An even worse reaction is ridicule. Unusual job titles are meant to make regular jobs sound more exciting and cooler than they really are. But what seems cool now might well invite cringe later, Merriam warns, like a father who calls his kid’s friends “homies,” or Steve Buscemi posing as a teenager and walking into a high school, saying: “How Do You Do, Fellow Kids?”
“Imagine being in your late 50s going into a job interview for the CMO position and having to explain that resume entry as the ‘Associate Growth Rockstar’ for a failed start-up,” Merriam warns. “Most people scrub them from their resumes.”

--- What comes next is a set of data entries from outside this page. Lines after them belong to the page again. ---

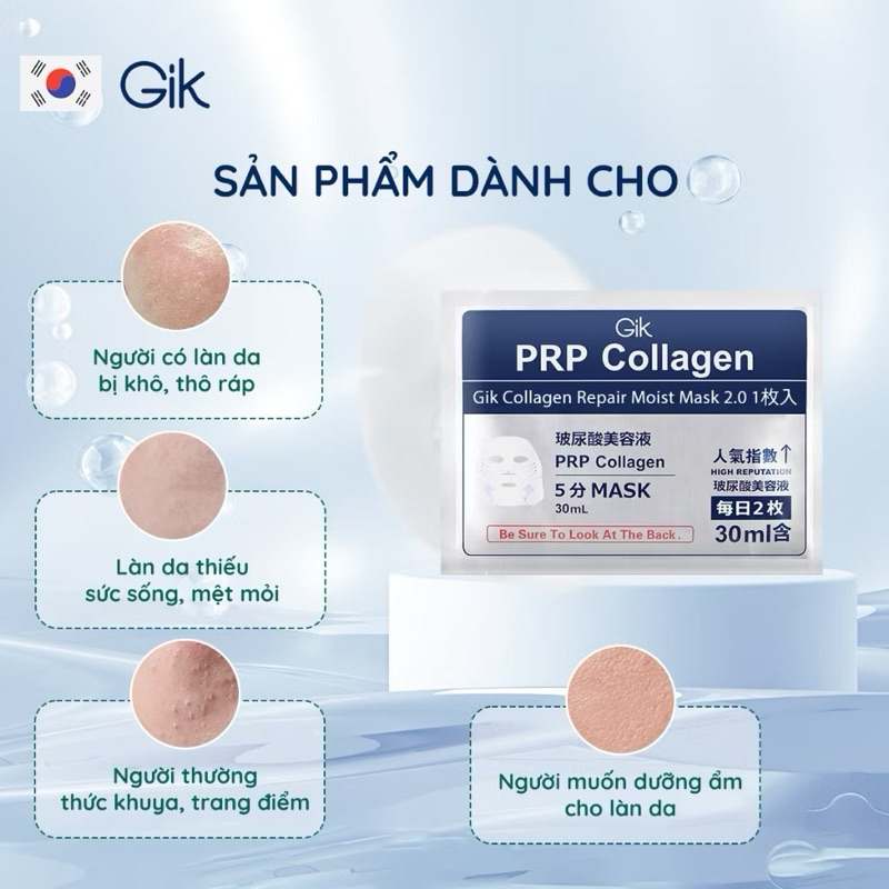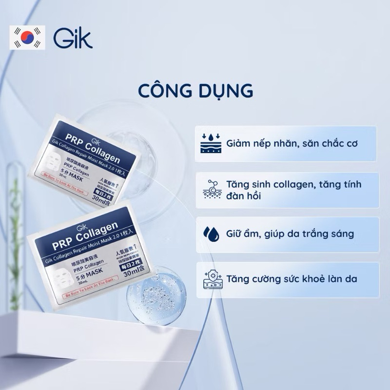 GIK Hàn Quốc 1 Miếng x30ml Mặt nạ PRP Collagen B5 B3 Giúp Cấp Ẩm,Phục Hồi Làn Da MaskSheet Skincare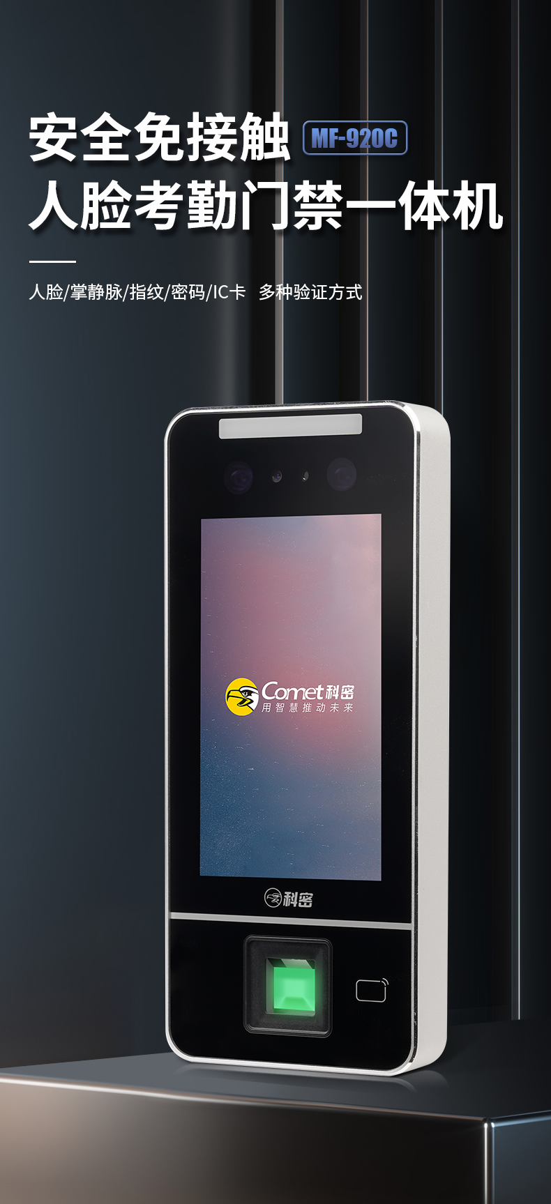 科密 MF-920C 人脸指纹识别考勤机 打卡机 门禁一体机 WIFI连接人脸掌静脉指纹密码刷卡一卡通 门禁一体机 国产品牌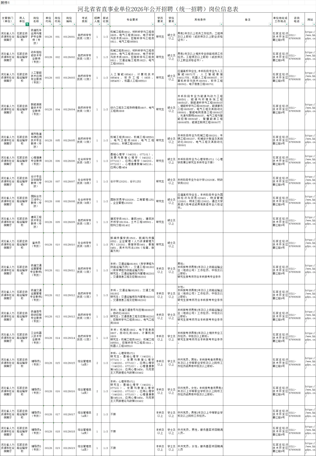 2026年石家庄铁路运输学校拟公开招聘工作人员22名。具体招聘人数和岗位条件详见《河北省省直事业单位2026年公开招聘(统一招聘)工作人员公告》附件1:《河北省省直事业单位2026年公开招聘(统一招聘)岗位信息表》,其中专业参考教育部公布的研究生、本科、高职(高专)专业目录和人力资源和社会保障部公布的技工院校专业目录设置。对于取得海外院校学历学位或毕业于国内院校自设学科的考生,如专业名称与岗位要求专业名称不完全一致,可根据应聘人员在校期间所学课程、研究领域及毕业院校开具的学科专业证明等材料进行综合研判,严格把握,统一标准,作出决定。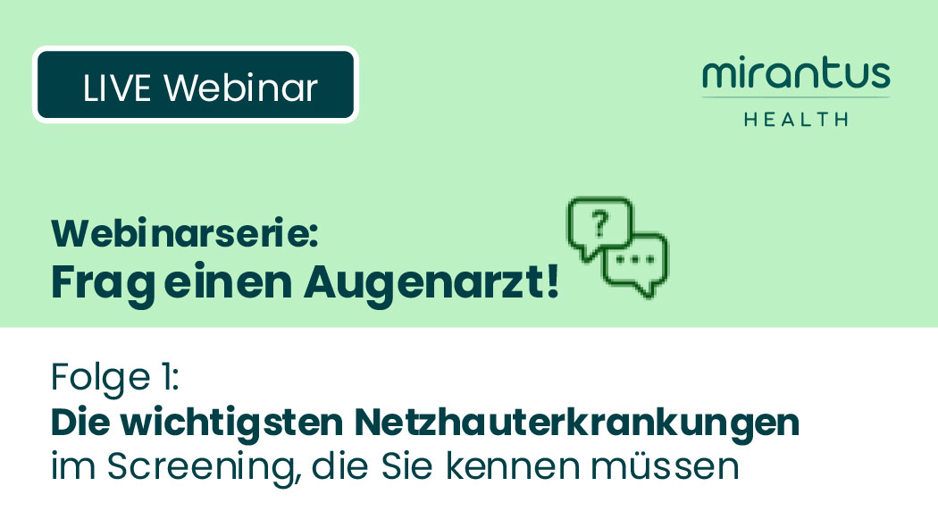Das Berliner Gesundheitsunternehmen Mirantus Health bietet Ihnen als Augenoptiker eine qualitativ hochwertige Expertenlösung für Augen-Check-Ups in Ihrem Laden. Dazu zählt die intuitive Software MIRA mit nahtlosen Geräteschnittstellen zu Ihrer Funduskamera, eine gründliche Auswertung jedes Falls durch einen Augenarzt innerhalb 48 Stunden, ein bundesweites Augenärzte-Netzwerk mit über 400 Partner-Ärzten für eine Weiterversorgungsmöglichkeit im Bedarfsfall und eine Datenverarbeitung gemäß DSGVO und Nutzung sicherer Verschlüsselungsstandards (z. B. TLS 1.3, AES-256).

Sometimes though, the cringe and the invitation to laugh and mock is the point. Lee Monks of the Plain English Campaign, an organization that campaigns against gobbledygook, jargon and misleading public information argues that “the fact that a lot of these titles become items of ridicule draws a lot of publicity. Whether or not bad publicity is better than none is another matter.”

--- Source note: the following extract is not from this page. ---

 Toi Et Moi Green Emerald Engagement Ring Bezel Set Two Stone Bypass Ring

Shapermint, a retailer of women’s underwear, for example, recently announced that it was looking for its “first-ever Chief Mom Officer.” The job, which can be done remotely, will involve championing body positivity and women in the workplace, as well as helping with product innovation, market research, content creation, and brand ambassadorship.
It is, in other words, largely a marketing job, and its announcement on a PR website suggests that the company is looking to use the term to raise its profile. News of the opening spread across both financial websites and sites aimed at moms. By advertising for a “Chief Mom Officer” instead of a social media manager and inviting a discussion about the strange new role, the company was able to win attention and build its brand.
So should a company create unusual job titles or stick with the tried, tested, and dull?
Lee Monk recommends against being creative with job titles… unless you want a few pretentious applicants. Lisa Merriam, whose Fortune 500 and private equity-backed companies tend to be more focused on building value than looking cool, recommends prioritizing clarity. “The purpose of the title is primarily to identify function and role within a larger team. When title gets in the way of clarity, it is a fail. If you can inject a little personality without impinging on clarity, maybe give it a try. In general, efforts and brand building and culture building are best made elsewhere.”
Begin then by deciding why you’re creating an unusual job title. If you’re only doing it to be different and to make an otherwise regular job sound cooler and more unusual than it is, then you should think again. You’ll have fewer applicants in general, and fewer female applicants in particular. You’ll also put off both experienced older workers and new graduates looking for their first job. You’ll confuse customers and employees who will wonder why the company doesn’t have any customer service representatives or aren’t clear from the company’s job title who’s responsible for which functions.
But if you’re producing a position that isn’t closely linked to a team and doesn’t require the employee to explain to members of the public what exactly they do, then a creative job title might be a useful way of attracting publicity. Come up with something fun and vaguely ridiculous, and tell the world about it.
You can also copy Elon Musk’s idea. No one either inside the company or outside might understand the responsibilities of the “Technoking of Tesla” but Musk did retain the title of chief executive. It’s still clear who’s in charge. There’s no law saying that your company can’t have a “customer care evangelist” but there’s also no law saying that workers can’t have more than one title: a strange one to build the culture and a sensible one to ensure smoothing functioning.
“Most people find such titles amusing and can see the funny side,” says Lee Monk. “But then again we do need to poke fun at something in our yearly awards.”